Le souvenir de Monique, (la nièce d'Evelyne), reste dans ma mémoire comme étant un des souvenirs les plus attachants, quelque chose qui reste gravé au fond de mon cœur.
Tout commence par un appel matinal, d’Alphonse, (le mari de Jacqueline, la sœur d’Evelyne,) qui avec une grande joie nous annonce la bonne nouvelle:
"Sérop, cette nuit une mignonne petite fille, est née, Jacqueline vient d’accoucher, Dieu soit loué. Nous l’avons appelée, Monique."
Evelyne et moi, sommes étonnés. Nous nous attendions à cet heureux événement, mais pas de si tôt. Il fallait patienter 3 à 4 semaines de plus.
Nous courons à la Maternité Française: Jacqueline, heureuse , qui reprend des couleurs, nous annonce que le médecin a pris cette décision, ayant jugé que le bébé était trop fragile.
Alphonse me raconte alors, que les douleurs avaient commencé tôt dans la nuit. et qu'il n'avait pas voulu nous déranger,
Le Médecin confie à Alphonse, que la petite Monique, prématurée, s’est empressée de faire une surprise, en venant plus tôt que prévu.
Tout s’était bien passé, mais le médecin nous a avisé qu'il fallait faire extrêmement attention.
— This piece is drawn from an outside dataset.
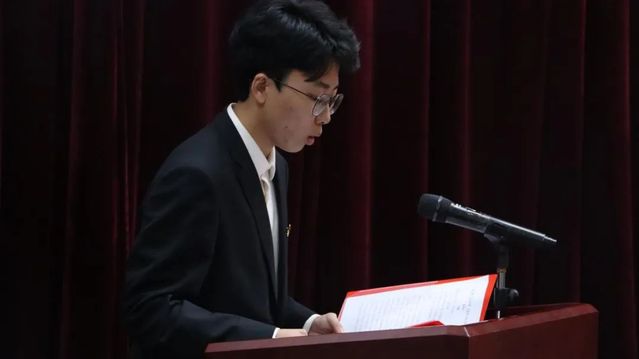 WilliamHILL中国学生会执行主席亓鸿儒作为学生代表发言。他代表参会人员对此次“法苑先锋”学生骨干培训的开班表示期待,并表明了学生干部们的认真学习的态度,积极参与的决心。

Je commençais à avoir peur.
L’après midi, nous retournons à la Maternité,
Vers 20 heures, nous sommes sur le point de quitter, quand la cheffe soignante nous annonce qu’il faut absolument trouver de l’oxygène, car il en manque à l’hôpital. "Faites votre possible, ne tardez surtout pas, et revenez avant minuit."
Alphonse et moi, réagissons en même temps: Seul Air Liquide peut nous fournir la bonbonne d'oxygène demandée. En ville, tous les établissements sont fermés.
Avec l' Opel d’Alphonse, nous roulons à toute vitesse vers le dépôt central d’Air Liquide, qui se trouve près de la Compagnie d'Électricité.
Arrivés devant l’immeuble, il fait nuit noire, la grande porte est fermée, il est plus que 20 h.30. Tout est trop calme, nous sommes en retard. Alphonse allume les phares de la voiture pour voir s'il y a une sonnette, rien, on frappe à la porte, aucune réaction. On frappe de plus en plus fort, toujours rien, et s'il n’y avait personne?
Alphonse me dit, qu'en général, dans ces grands dépôts, il y a toujours un gardien pour assurer la sécurité, "il doit sûrement y avoir un gardien. Que devons nous faire?" Nous attendons là depuis une demie heure, désespérés.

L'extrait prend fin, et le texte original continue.